:: The data ::
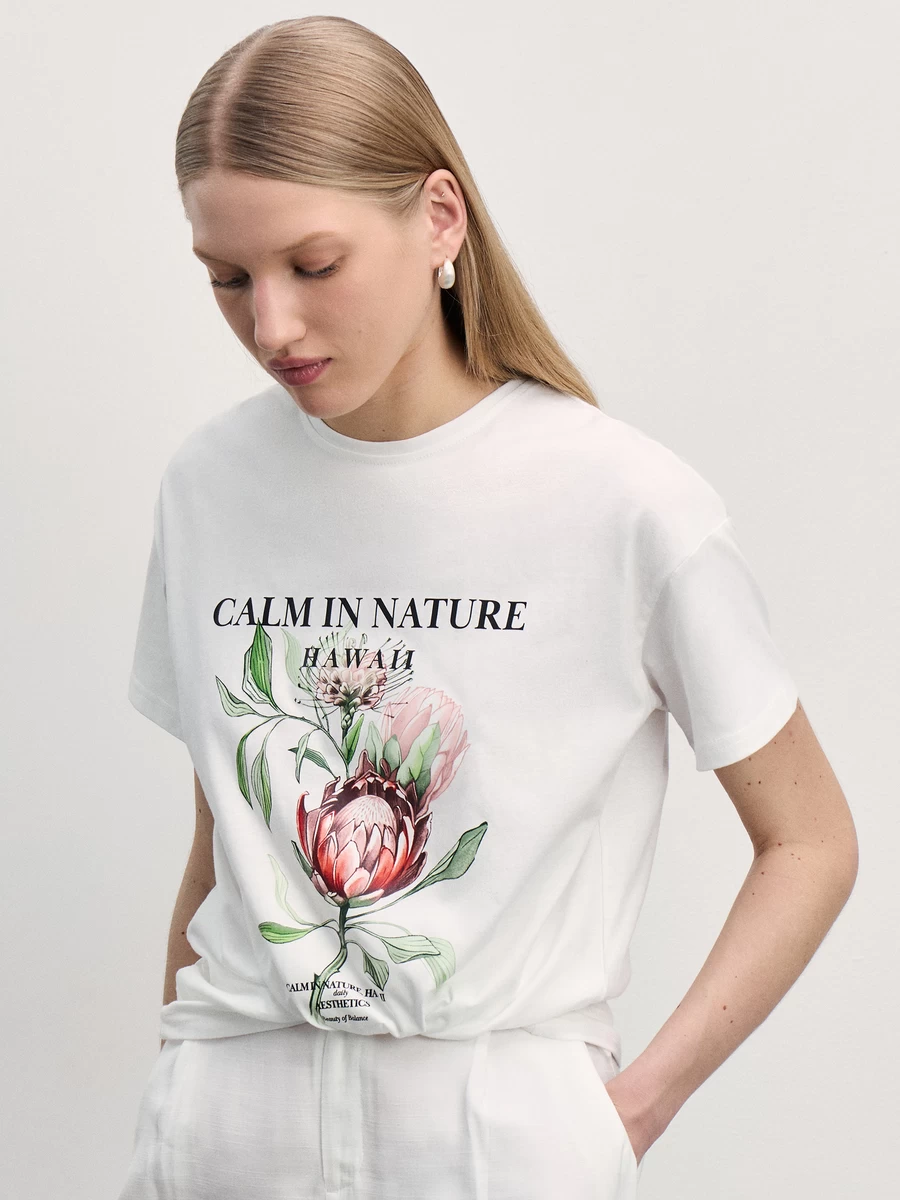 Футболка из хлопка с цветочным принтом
---
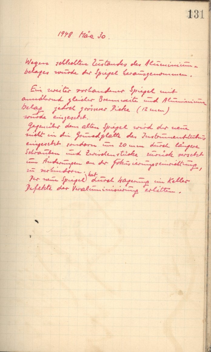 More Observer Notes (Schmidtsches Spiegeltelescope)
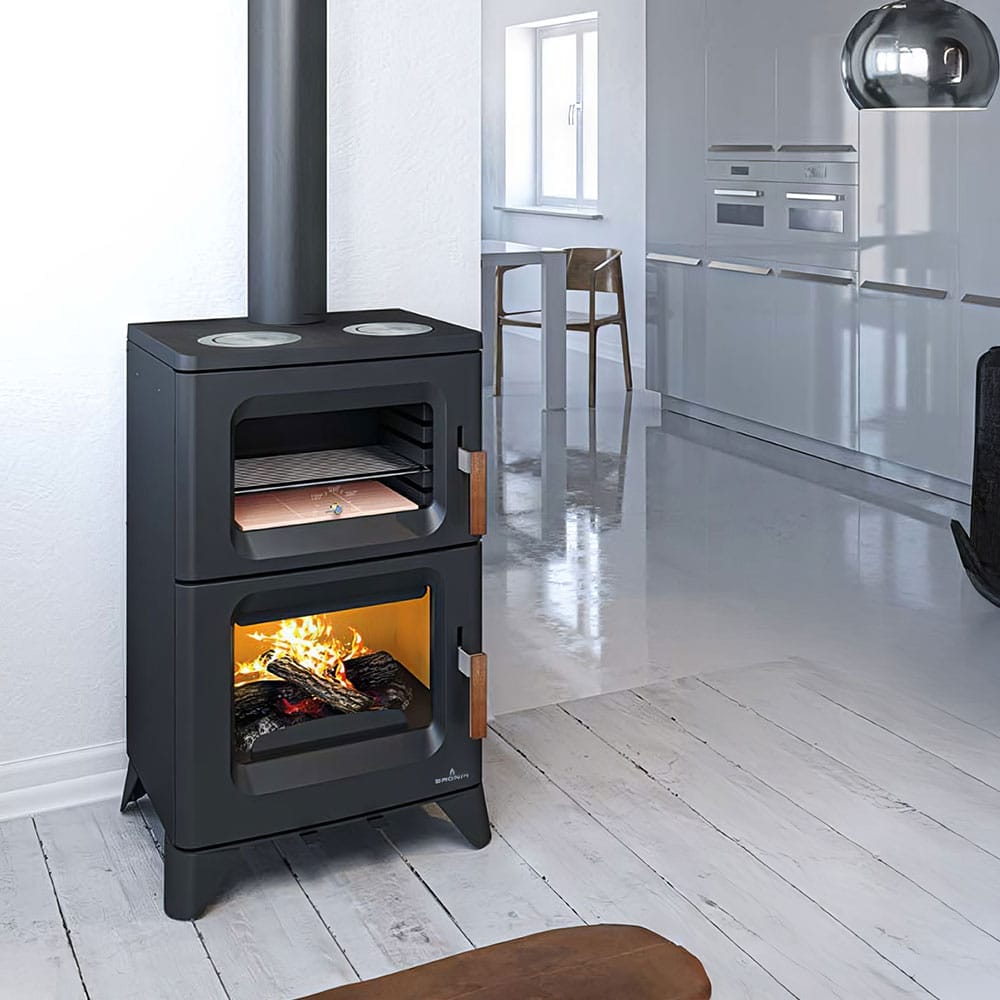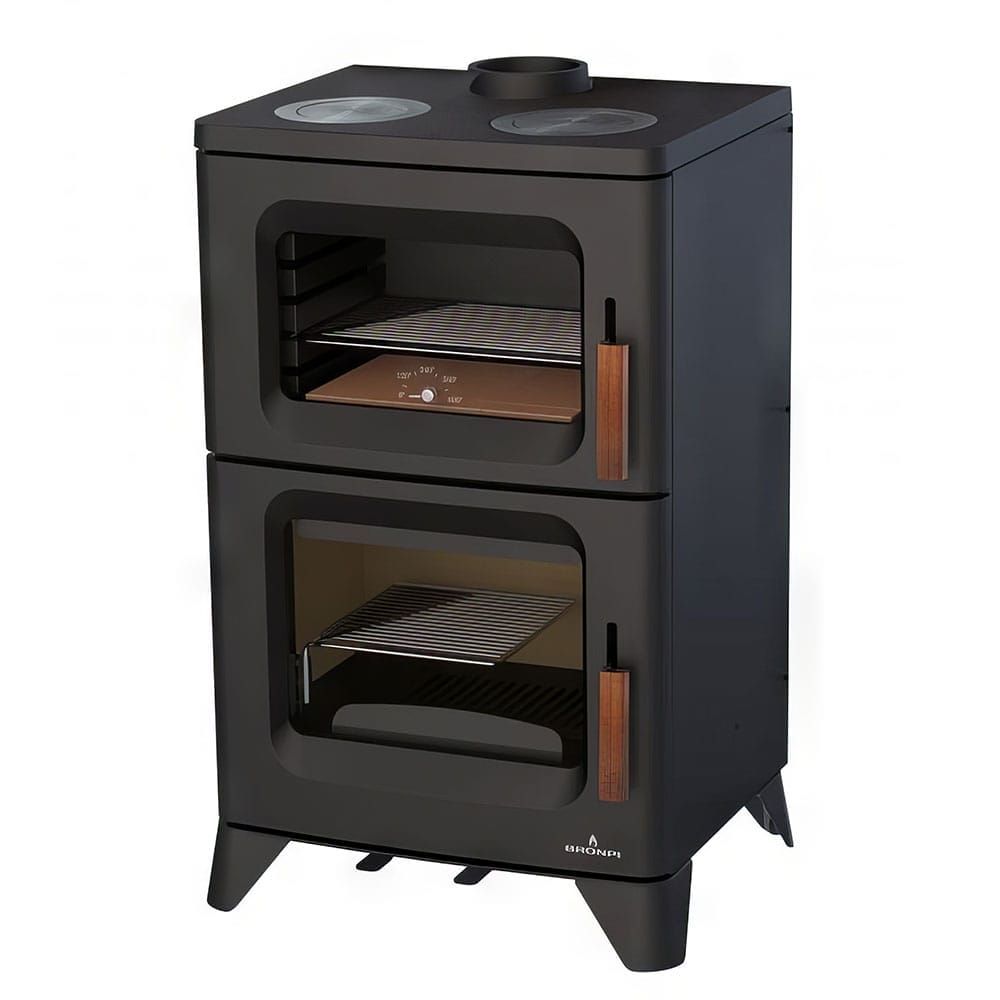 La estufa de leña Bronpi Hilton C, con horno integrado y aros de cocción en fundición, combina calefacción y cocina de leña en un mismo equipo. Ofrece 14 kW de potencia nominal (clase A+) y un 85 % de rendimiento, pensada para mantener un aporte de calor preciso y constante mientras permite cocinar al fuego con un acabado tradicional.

:: Task objective ::
Set down again, exactly, every line above from the one with "More Observer Notes" down to the one with "La estufa de", both ends included. No pictures, and nothing else.

:: Task answer ::
 More Observer Notes (Schmidtsches Spiegeltelescope)
 La estufa de leña Bronpi Hilton C, con horno integrado y aros de cocción en fundición, combina calefacción y cocina de leña en un mismo equipo. Ofrece 14 kW de potencia nominal (clase A+) y un 85 % de rendimiento, pensada para mantener un aporte de calor preciso y constante mientras permite cocinar al fuego con un acabado tradicional.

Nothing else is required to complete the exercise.